Back in the early 2000’s, we looked at tax-exempt options for our corporate debt. If we wanted short-term rates, we could issue our bonds in “variable rate demand mode” (or VRDN’s) or in “auction rate mode” (ARS).
At the time there was a slight difference in rates; the auction-rate securities were a little bit more than the VRDN’s. “Why is that?” I asked my friendly banking institution. “Well, there is the risk of a failed auction with the ARS’s, but that has not happened in the past decade”. For more on evaluating decisions based on outcomes, refer to the earlier blog Moccasins.
Now, it is a main tenet in Finance 101 (no matter where you went to school) that we do not get return without taking risk. So investors were taking the risk, in exchange for a higher return, of an auction failing and being stuck with the securities. But hey, that hasn’t really ever happened in recent memory, so how much of a risk can it be?

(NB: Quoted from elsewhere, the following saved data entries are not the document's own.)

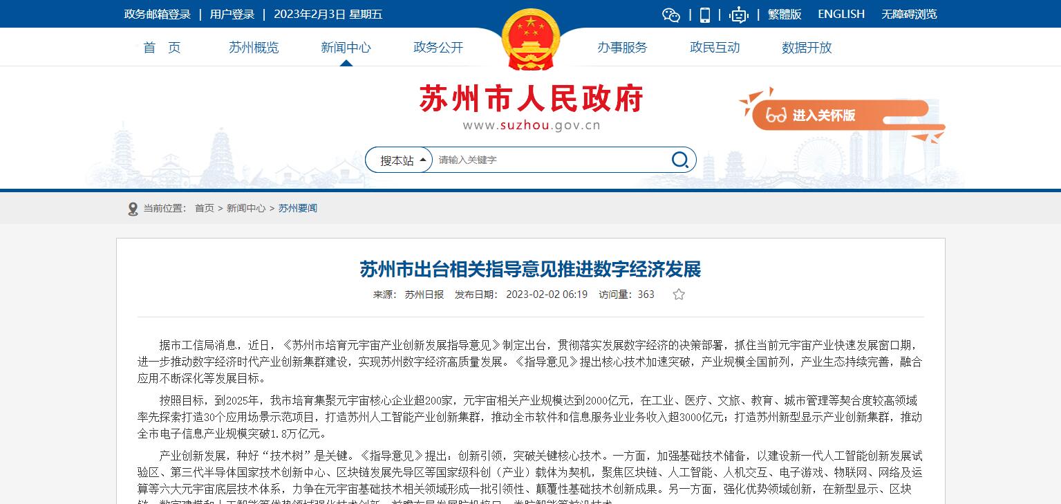 蘇州發(fā)布培育元宇宙產業(yè)創(chuàng)新發(fā)展指導意見:到2025年元宇宙相關產業(yè)規(guī)模達到2000億元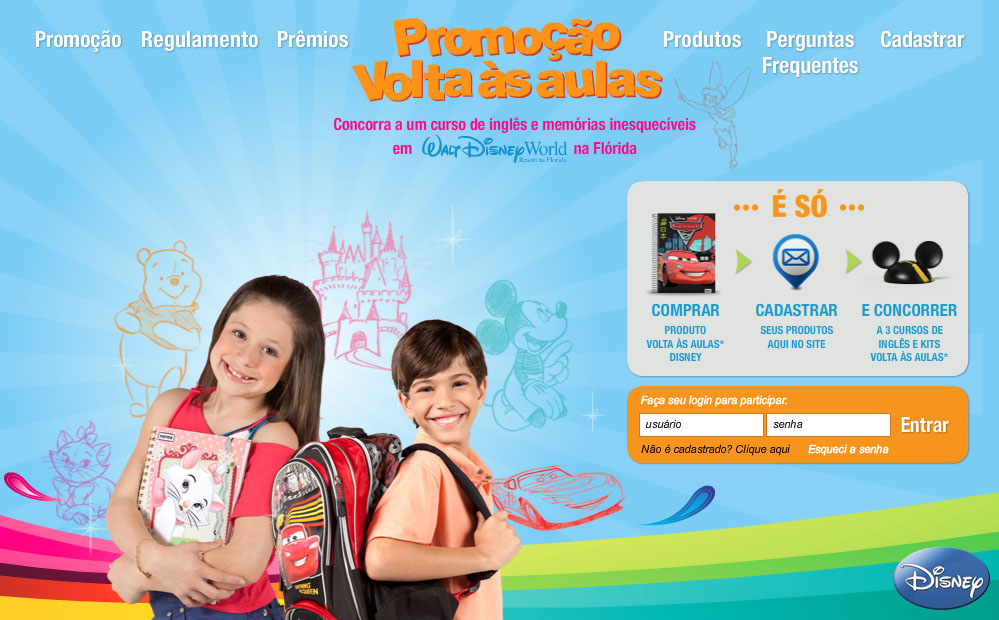 A Disney lança pela primeira vez uma campanha nacional voltada aos quase 50 milhões de estudantes brasileiros. Quem participar da promoção Volta às Aulas Disney, que se estende até 15 de março, concorrerá a cursos de inglês e memórias inesquecíveis em Walt Disney World Resorts, na Flórida, e a 5 kits de produtos escolares Disney.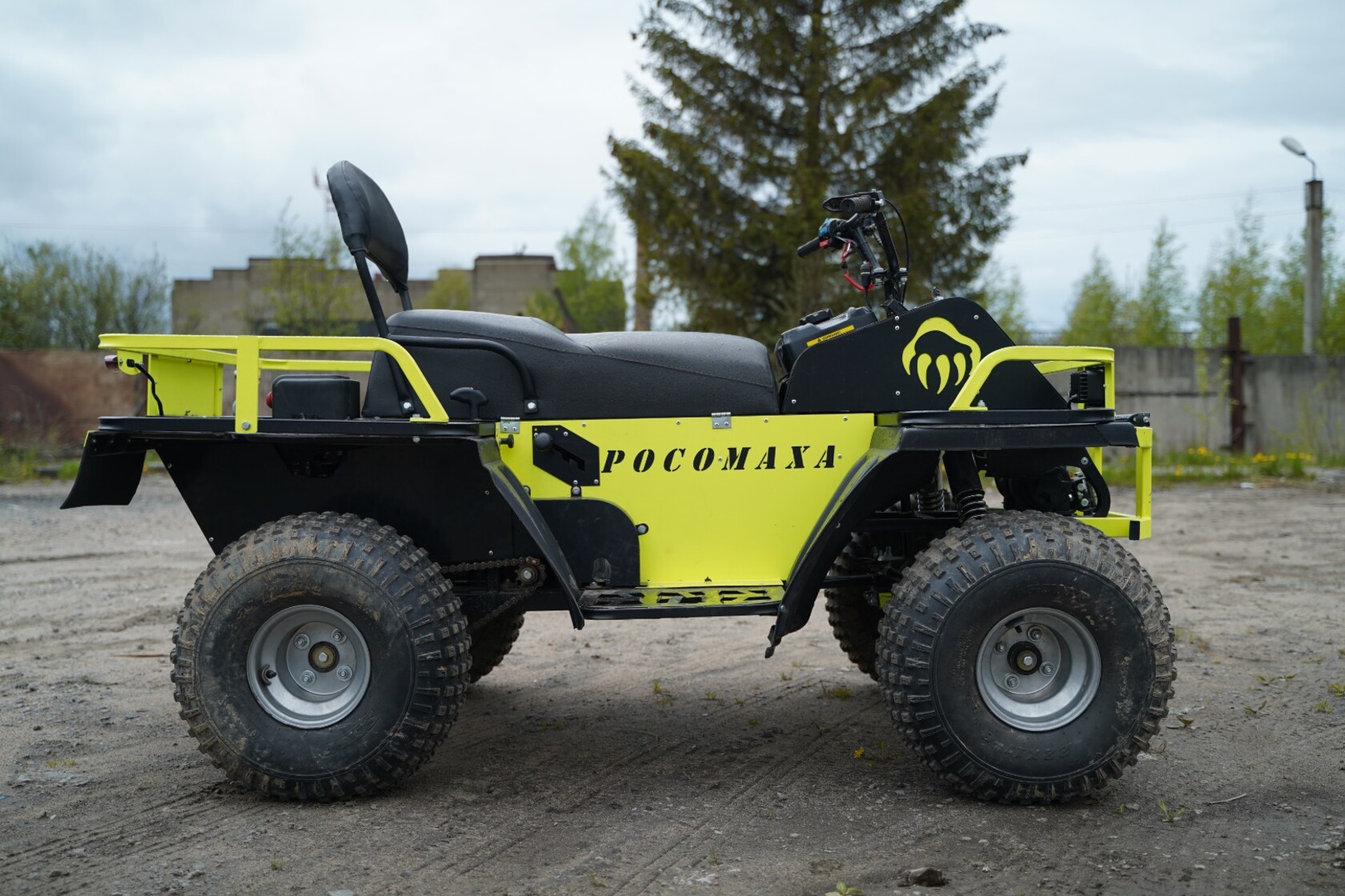 Квадроцикл Росомаха 500 Предлагаем вашему кит-комплект квадробукс «Росомаха 500»В концепции квадробукса конструктив и высокая проходимость квадроцикла сочетаются с доступностью и простотой мотобуксировщика.Для уверенной проходимости по трассам со сложным рельефом и пересеченной местности звезда привода нового квадробукса смещена вправо, что в сравнении с традиционным центральным расположением цепи позволяет Росомахе легче преодолевать бездорожье, а также продлевает срок службы самой звезды, снижая вероятность ударов о препятствия на дороге.ОписаниеПредлагаем вашему кит-комплект квадробукс «Росомаха 500» c двигателем объемом 459 см3. В концепции квадробукса конструктив и высокая проходимость квадроцикла сочетаются с доступностью и простотой мотобуксировщика.Особенности конструкции квадробукса "Росомаха 500":- Габаритные размеры: длина 2210 мм, ширина 1300 мм, высота 1240 мм. - Колеса 22*11-8- Бескамерные шины низкого давления- Клиренс 275 мм- Одноцилиндровый четырехтактный двигатель мощностью 15 л.с. (420 куб. см) или 20 л.с. (459 куб. см) с электростартером- Трансмиссия - вариатор и КПП- Передняя подвеска с мотоциклетными гидравлическими амортизаторами- Цепной привод на заднюю ось- Усиленная цепь с повышенным ресурсом- Гидравлические тормоза- Двухместное сиденье- 2 багажника сзади грузоподъемностью до 30 кг каждый- Светодиодные фары- Универсальное сцепное устройство- Перфорированные подножкиДля уверенной проходимости по трассам со сложным рельефом и пересеченной местности звезда привода нового квадробукса смещена вправо, что в сравнении с традиционным центральным расположением цепи позволяет Росомахе легче преодолевать бездорожье, а также продлевает срок службы самой звезды, снижая вероятность ударов о препятствия на дороге.Дополнительные опции:- лебедка- светодиодная балка- фаркоп автомобильного типаВсе комплектующие для квадробукса, за исключением двигателя, изготавливаются в России, что существенно упрощает ремонт и замену деталей. Росомаха 500 собирается полностью из новых комплектующих на одном предприятии, где процесс сборки находится под единым контролем. Все это позволило нам предоставить на квадробукс Росомаха 500 гарантию 1 год.

Fueling this thinking, in a lot of the mid-decade Treasury literature, the industry talked about measuring performance with one of the primary metrics of efficiency and effectiveness touted as how much we were earning on our idle cash balances.  Many “portals” sprung up where we could take our pick of hundred of money market funds, generally sorted by yield. So most treasury managers, responding to the incentives and “what gets measured gets done”, would duly pick the highest yielding money-market funds or securities in order to look better on their metrics…and feel good about it.
Hmmm…remember Finance 101? No return without greater risk.
Come 2008-2009, these investors re-learned the lesson the hard way…the money-market funds with the better returns, or the direct investments they made,  involved auction rate securities that have been failing ever since, and they still haven’t seen their money.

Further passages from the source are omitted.